Reinvent Albany Asks COIB to Restrict Travel Gifts to Public Officials

     

Reinvent Albany Calls for Conflicts of Interest Board
To Restrict Gifts of Travel to Public Officials

At today’s 3pm Conflicts of Interest Board (COIB) hearing, Reinvent Albany will call for COIB to further restrict gifts of travel donated to public officials.

Reinvent Albany’s testimony asks COIB to:

  1. Prohibit elected officials from receiving corporate or nonprofit funding for City travel
  2. Require public servants to receive approval from COIB for all travel funded by third parties
  3. Require public servants to transfer all frequent flyer miles acquired through official business to the City

The hearing on rules proposed by the Conflicts of Interest Board regards gifts of travel from third parties to City public servants and elected officials. If a third party offers to pay for a public or elected official’s travel to an event, the individual may accept the offer as a gift to the City if the trip is for a reasonable City purpose and the third party does not have a pending matter before the public servant. While the practice has been in effect for years, COIB’s revisions make important clarifications about its application.
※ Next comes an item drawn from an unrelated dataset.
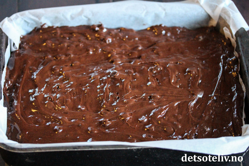 ♥ Vær nøye på å ikke steke kaken for lenge. Den skal ikke virke gjennomstekt når den tas ut av ovnen. Det er meningen at kaken skal beholde en "fudgy" konsistens, og for å få til det må kaken fortsatt virke litt ustekt når den tar ut av ovnen. Den stekte kaken blir fastere i konsistensen når den har fått stått kjølig en stund. La den gjerne stå i kjøleskapet over natten, så er du sikker på at den er fast i konsistensen, før du løfter kaken ut av langpannen og deler den i firkanter.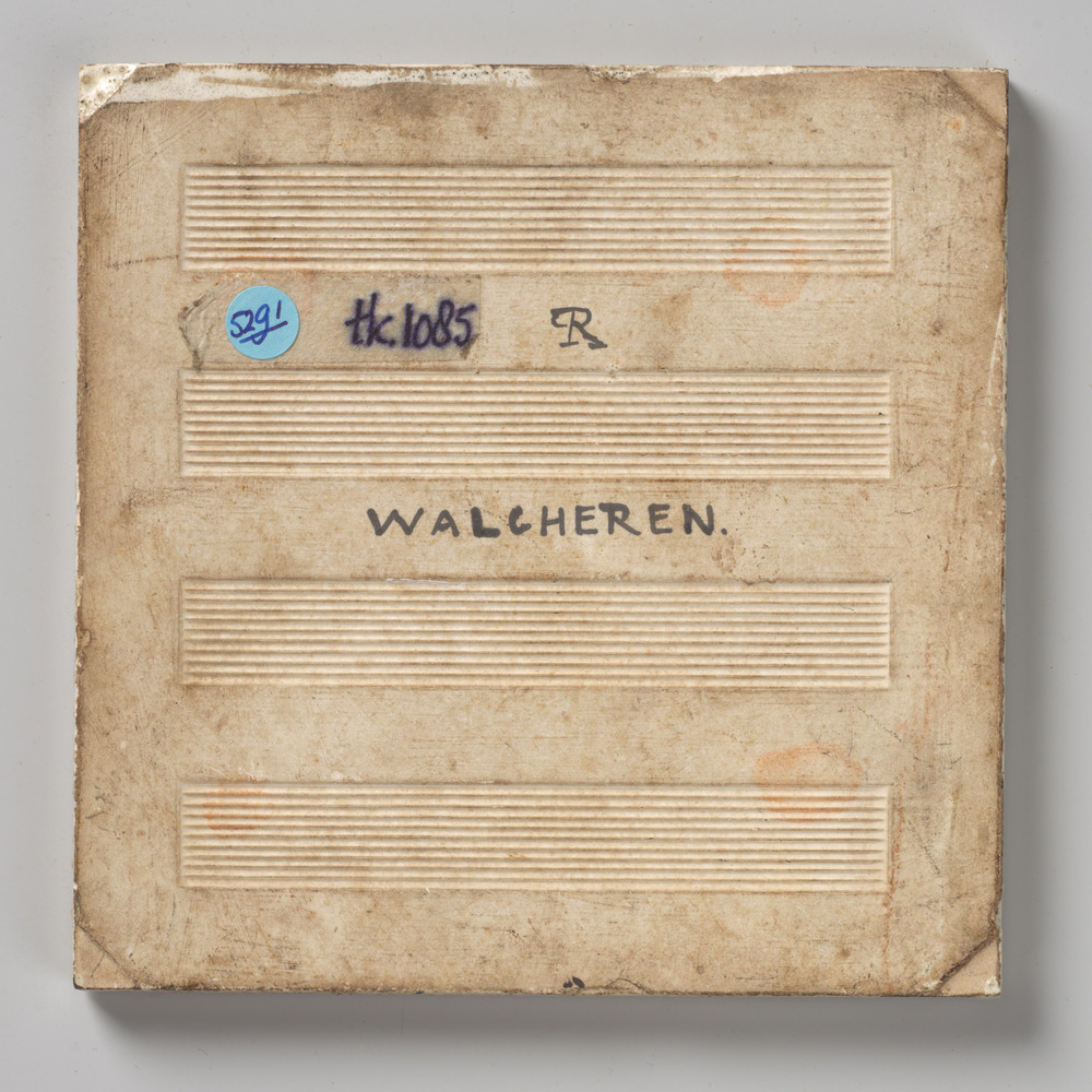 tegel van keramiek, gesjabloneerd, voorstellende: or...

Reinvent Albany urges COIB to bar elected officials from receiving corporate or nonprofit funding for City travel. Under the rules, if a trip has a public purpose, a third party may cover the travel expenses. But the conflicts that can arise from these gifts, such as recently at the New York City Board of Elections, have revealed the potential for abuse under such a system.

Reinvent Albany also believes that public servants (including agency heads) should have to receive approval for all City travel funded by third parties. COIB’s proposed rules allow agency heads and elected officials to approve their own third-party-funded travel. Officials overseeing their own conflicts of interest is a practice with a concerning history, as seen with Joe Lhota when he was Chair of the MTA Board and a director on the board of the Madison Square Garden Company. JCOPE eventually determined that the conflict precluded Lhota from continuing his position.

Reinvent Albany also asks that public servants be required to transfer all frequent flyer miles acquired through official business to the City, as is the practice in several states, such as Ohio. Currently, public servants may use frequent flyer miles accrued through City travel for their own private use. This risks the abuse of City resources: Assembly Speaker Sheldon Silver was known to use public funds to fly through Washington D.C. on his way to Albany solely to get more frequent flyer miles. If other governments require public servants to transfer miles, Reinvent Albany does not see why New York City cannot as well.